Я вытащила черную записную книжку Фрезера Бьюкенена. Под ней, завернутая в комбинацию, лежала рукопись, над которой я работала перед смертью.
Шарлотта стояла посреди комнаты, там, где он ее оставил, бессознательно сжимая в руках шкатулку с драгоценностями. В большом камине потрескивал огонь. Его горячие блики плясали на мраморных фамильных гербах, венчавших украшенную богатой резьбой каминную полку. Несмотря на это, Шарлотту бил озноб. В то же время щеки ее пылали. Перед глазами и сейчас стояло его темное, неотразимое лицо, ухмылка, циничный изгиб бровей, жесткий рот, тонкогубый, ненасытный… Вспоминался оценивающий взгляд, скользивший по ее молодому, крепкому телу, восхищавшийся формами, которых не могло полностью скрыть дешевое, дурного покроя, черное креповое платье. Шарлотте хватало опыта общения с аристократией, чтобы знать, как эти люди относятся к женщинам вроде нее, вынужденным в силу неподвластных им обстоятельств самостоятельно зарабатывать на жизнь. И он ничем не лучше остальных! Шарлотта вспомнила об унижениях, которым подвергалась, и ее грудь начала бурно вздыматься под черной тканью. Лжецы, лицемеры, все до единого! Она уже начинала его ненавидеть.

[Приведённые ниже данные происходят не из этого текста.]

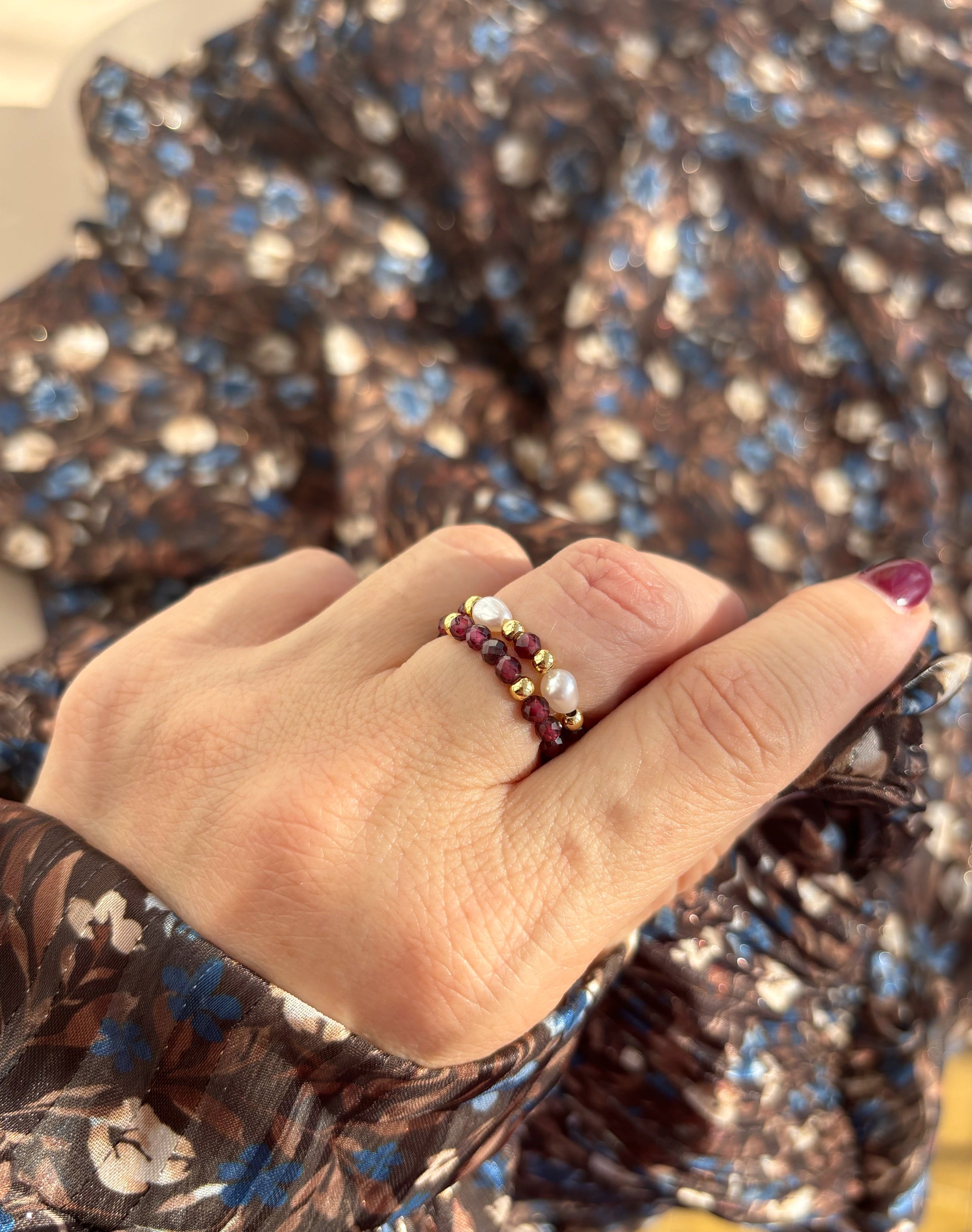 Anelli realizzati con filo elastico con perle di fiume e pietre dure.

Она заново оправит его изумруды и как можно скорее покинет Редмонд-Гранж! Этот огромный дом таит в себе зло, она почти физически ощущает его присутствие! В памяти всплыли загадочные слова Тома, кучера, сказанные, когда он не слишком галантно помогал ей выйти из кареты:
– Не подходите близко к лабиринту, мисс, мой вам совет.

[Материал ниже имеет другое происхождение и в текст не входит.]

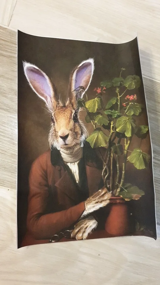 Постер в скандинавском стиле с изображением головы животного кролика, винтажные постеры с человеческим телом, настенные картины для гостиной, настенная Картина на холсте без рамки
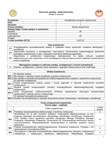 Kierunek studiów Elektrotechnika Studia II stopnia Przedmiot: Rok: Semestr: Forma studiów: Rodzaj zajęć i liczba godzin w semestrze: Wykład Ćwiczenia Laboratorium Projekt Liczba punktów ECTS: C1 C2 C3 1 Certyfikacja wyrobów medycznych I I Studia stacjonarne 30 30 5 ECTS Cele przedmiotu Przedstawienie uporządkowanej wiedzy o systemie oceny zgodności, systemie akredytacji i certyfikacji Zapoznanie słuchaczy z wymaganiami dotyczącymi dokumentacji potwierdzającej spełnienie wymagań zasadniczych w tym z zasadami tworzenia deklaracji zgodności Zapoznanie z problemami wzajemnego oddziaływania na siebie różnych urządzeń elektronicznych oraz systemem norm określających dopuszczalny poziom zakłóceń wytwarzanych przez urządzenia. Wymagania wstępne w zakresie wiedzy, umiejętności i innych kompetencji Wiedza i umiejętności z zakresu teorii obwodów i sygnałów elektrycznych oraz metrologii Efekty kształcenia W zakresie wiedzy: EK 1 Ma wiedzę z zakresie zasad certyfikacji wyrobów medycznych EK 2 Ma wiedzę w zakresie kompatybilności elektromagnetycznej urządzeń i systemów medycznych W zakresie umiejętności: Potrafi przeprowadzić analizę ryzyka i ocenę zagrożeń w zakresie użytkowania wyrobów EK 3 medycznych Student potrafi przeprowadzić pomiary kompatybilności elektromagnetycznej urządzeń EK 4 medycznych Umie przygotować udokumentowane źródłowo opracowania dotyczące bezpiecznego EK 5 użytkowania i obsługi wyrobu medycznego W zakresie kompetencji społecznych: EK 6 Student ma kompetencje w zakresie stosowania prawa związanego z akredytacją i certyfikacją Treści programowe przedmiotu Forma zajęć – wykłady Treści programowe W1 W2 W3 W4 Podstawy bezpieczeństwa elektrycznego w technice medycznej Akredytacja (co to jest, korzyści, systemy), Organizacje Międzynarodowe (w tym krajowa) zajmujące się badaniami, akredytacją, certyfikacją, Certyfikacja, Działalność PCA, System oceny zgodności wyrobów (dyrektywa Starego Podejścia, Nowego Podejścia, Globalnego Podejścia), Oznaczenie CE, Dokumentacja techniczna, Normy zharmonizowane, Odpowiedzialność instytucjonalna w zakresie systemu oceny zgodności. Pojęcie kompatybilności elektromagnetycznej. Znaczenia praktyczne. Przepisy i ich stosowalność (normalizacja EMC). Wymagania w zakresie kompatybilności elektromagnetycznej stawiane urządzeniom medycznym i medycznym systemom elektrycznym. Klasyfikacja urządzeń Liczba godzin 2 8 2 4 1 medycznych Źródła promieniowania elektromagnetycznego. Analiza wymagań dotyczących emisji elektromagnetycznej istotnych dla ochrony służb bezpieczeństwa, innych medycznych W5 urządzeń elektrycznych, medycznych systemów elektrycznych, niemedycznych urządzeń elektrycznych i urządzeń telekomunikacyjnych. Metody pomiaru emisyjności i odporności urządzeń medycznych. Dopuszczalne W6 poziomy. Suma godzin: Forma zajęć – laboratoria L2 L3 L4 L5 L6 L7 L8 L9 L10 1 2 3 4 F1 F2 F3 P1 P2 8 30 Liczba godzin Treści programowe L1 6 Zajęcia wprowadzające. Zapoznanie z regulaminem laboratorium. Opracowanie harmonogramu certyfikacji wyrobu medycznego. Badanie nieaktywnego wyrobu medycznego Identyfikacja poziomu dźwięku wyrobu medycznego Badanie zaburzeń promieniowanych wysokich częstotliwości Badanie zaburzeń przewodzonych w torze zasilania urządzenia medycznego Analiza odporności urządzenia na znormalizowane zaburzenie ESD. Analiza odporności urządzenia medycznego na zaburzenie SURGE Analiza odporności urządzenia medycznego na zaburzenie BURST Analiza odporności urządzenia na zaniki i zapady napięcia zasilającego Analiza odporności urządzenia na pole magnetyczne o częstotliwości przemysłowej Suma godzin: 3 3 3 3 3 3 3 3 3 3 30 Metody/Narzędzia dydaktyczne Wykład z prezentacjami multimedialnymi. Pokazy sprzętowe, prezentacja przykładowych certyfikatów wyrobów medycznych Zadania projektowe do realizacji podczas laboratoriów. Ćwiczenia laboratoryjne polegające na wykonaniu określonych testów jakości urządzenia. Sposoby oceny Ocena formująca Krótkie pytania sprawdzające zrozumienie materiału podczas prowadzenia wykładu. Rozmowa/kartkówka/test dotyczący zagadnień teoretycznych związanych z przeprowadzanym ćwiczeniem. Ocena ze sprawozdań z przeprowadzonych badań laboratoryjnych. Ocena podsumowująca Egzamin z zagadnień poruszanych na wykładzie. Ocena podsumowująca laboratorium będąca sumą średniej ocen za wykonanie projektów wziętej z wagą 60% i średniej ocen za wykonanie sprawozdań z badań laboratoryjnych - z wagą 40%. Obciążenie pracą studenta Forma aktywności Godziny kontaktowe z wykładowcą, realizowane w formie zajęć dydaktycznych – łączna liczba godzin w semestrze Godziny kontaktowe z wykładowcą, realizowane w formie np. konsultacji w odniesieniu – łączna liczba godzin w semestrze Przygotowanie się do laboratorium – łączna liczba godzin w semestrze Przygotowanie się do zaliczenia wykładu Przygotowanie sprawozdań z wykonywanych ćwiczeń Suma Sumaryczna liczba punktów ECTS dla przedmiotu 1 Średnia liczba godzin na zrealizowanie aktywności 60 15 15 30 15 135 5 Literatura podstawowa i uzupełniająca Akty normalizacyjne: Dyrektywa 90/385/EEC, 93/42/EEC, 98/79/EEC, Norma PN-EN 61000-4, PN-EN50091-2:2002, PN-EN 55103-2:2001, PN-EN 60601-1:2006, PN-EN 60601-1-1:2002 2 Mazurek P.A. Laboratorium podstaw kompatybilności elektromagnetycznej, Politechnika Lubelska 2010. Więckowski Tadeusz W. “Badania kompatybilności elektromagnetycznej urządzeń elektrycznych i elektronicznych”, Oficyna Wydaw. Politechniki Wrocławskiej, Wrocław 2001 Clayton R. Paul “Introduction to electromagnetic compatibility”, Wiley-Interscience, 2006 Ministerstwo Gospodarki, Pracy i Polityki Społecznej: Podstawowe informacje dotyczące wdrażania dyrektyw Nowego i Globalnego Podejścia, Informator dla podmiotów gospodarczych. Warszawa 2003 Nowoczesne zarządzanie jakością : p

Этот мрачный человек обладал плохими зубами и крысиными повадками.
– Какому лабиринту? – спросила тогда Шарлотта.
– Скоро узнаете, – с гадким смешком ответил Том. – Лабиринт погубил не одну юную леди из тех, что были здесь до вас. – И отказался что-либо объяснять.
За французскими окнами раздался серебристый смех, женский голос… Кому пришло в голову прогуливаться по террасе в такой час, да еще в ноябре? Шарлотта вздрогнула, вспомнив другие шаги, которые слышала здесь вчера ночью. Но тогда, выглянув из окна, она не увидела на террасе ничего, кроме лунного света да теней от кустарника, пляшущих на ветру.

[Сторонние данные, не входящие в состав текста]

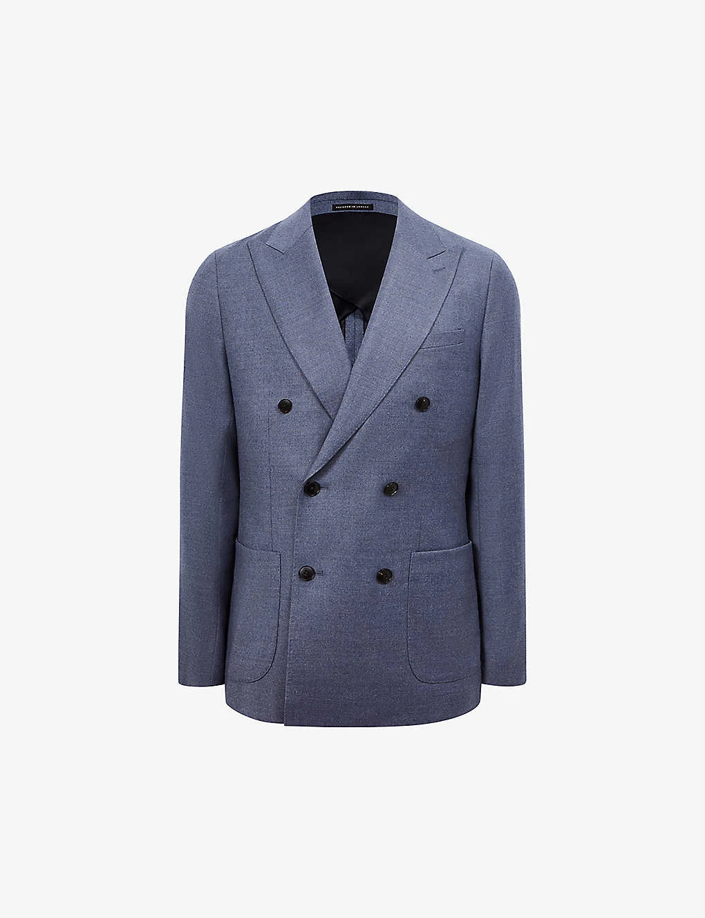 - Slim-fit, peak lapels, long sleeves, buttoned cuffs, double-breasted, textured, welt pocket at chest, patch pockets at front, double vent at back, fully lined

Она подошла к двери, намереваясь взойти по лестнице в свою крохотную комнатку, расположенную на этаже прислуги. Вот как высоко ценит меня Редмонд, подумала Шарлотта с обидой. С тем же успехом я могла быть гувернанткой – повыше горничной или кухарки, но определенно не леди. А ведь я, если уж на то пошло, воспитана ничуть не хуже его.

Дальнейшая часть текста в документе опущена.